Authors: Judi Culbertson
I handled its red cover with wonder. The dust jacket illustration showed a watercolor of Sambo smiling and pointing at letters on a blackboard with his closed umbrella, teaching four small Caucasians in nursery dress. Below it and on the back were black and white caricatures of Sambo and his family portrayed, as the blurb indicated, by "later and less sympathetic illustrators."
As I expected, there were several biographies of Rudyard Kipling. I picked out three, and checked the books out.

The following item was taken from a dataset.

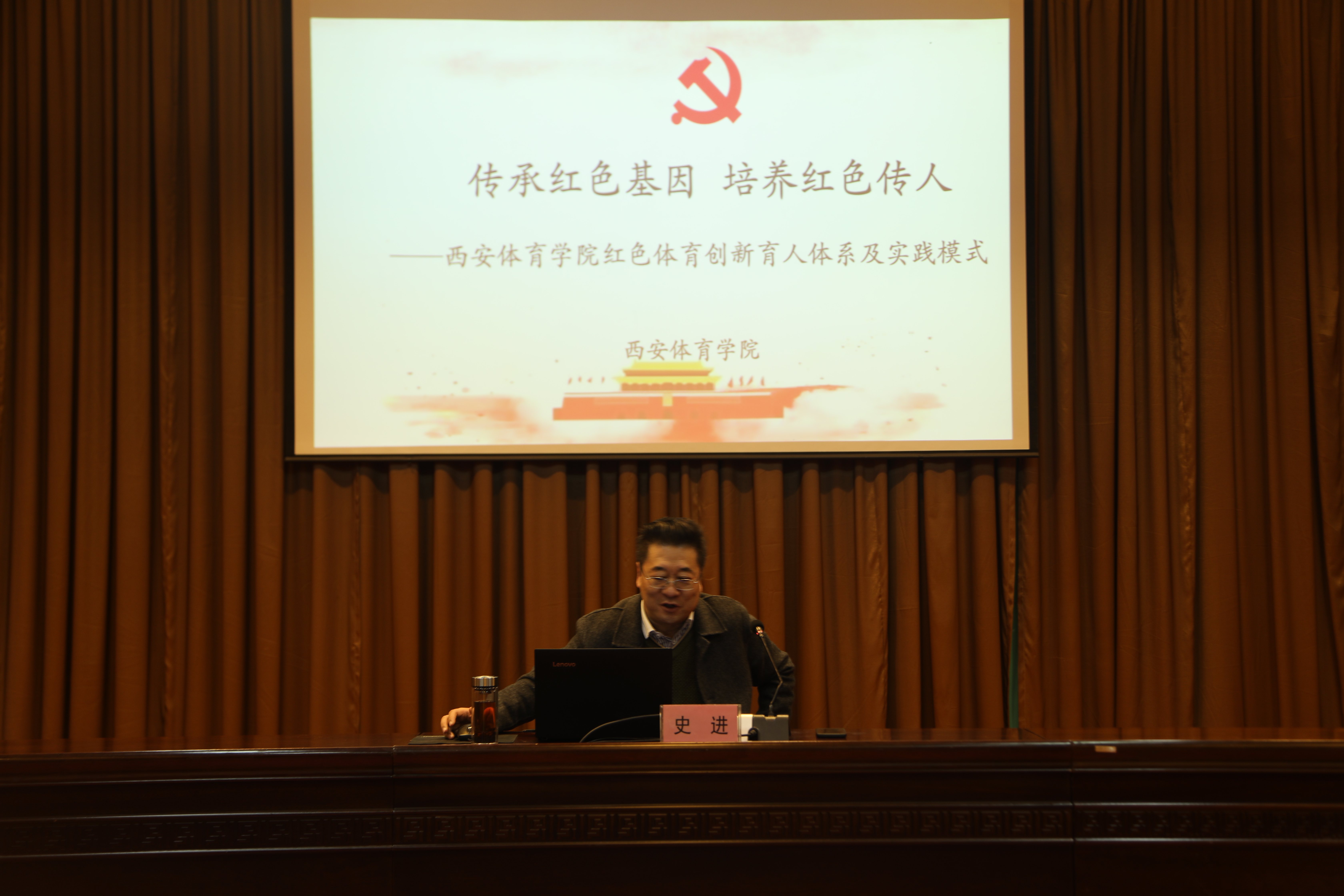11月19日下午,西安体育学院史进教授在我校A区报告厅为体育学院全体师生作了以“传承红色体育精神 培育新时代接班人”为主题的精彩讲座。体育学院院长查毅,党总支书记马修海,党总支副书记徐佳,科研副院长费薇娜及...

Since it was nearly noon, I decided to have lunch near the water. Could I afford it? Of course not. But I needed it, and needed to be safely surrounded by other people. I settled into a white vinyl chair on the faux deck of the SS Seascape and ordered a lobster roll and a diet coke. By the time my sandwich came, pink and white chunks in a hot dog roll, every table was filled. Safe in the crowd, I was soon lost in Helen Bannerman's life.
Helen, a tall, rangy Scotswoman, had a good sense of humor and no aptitude for housework. Her physician husband was deeply involved in plague control around Bombay and the family was neatly divided into two older girls and two younger boys. When the girls spent the years between 1902 and 1905 in school back in Scotland, she turned her energies to her sons.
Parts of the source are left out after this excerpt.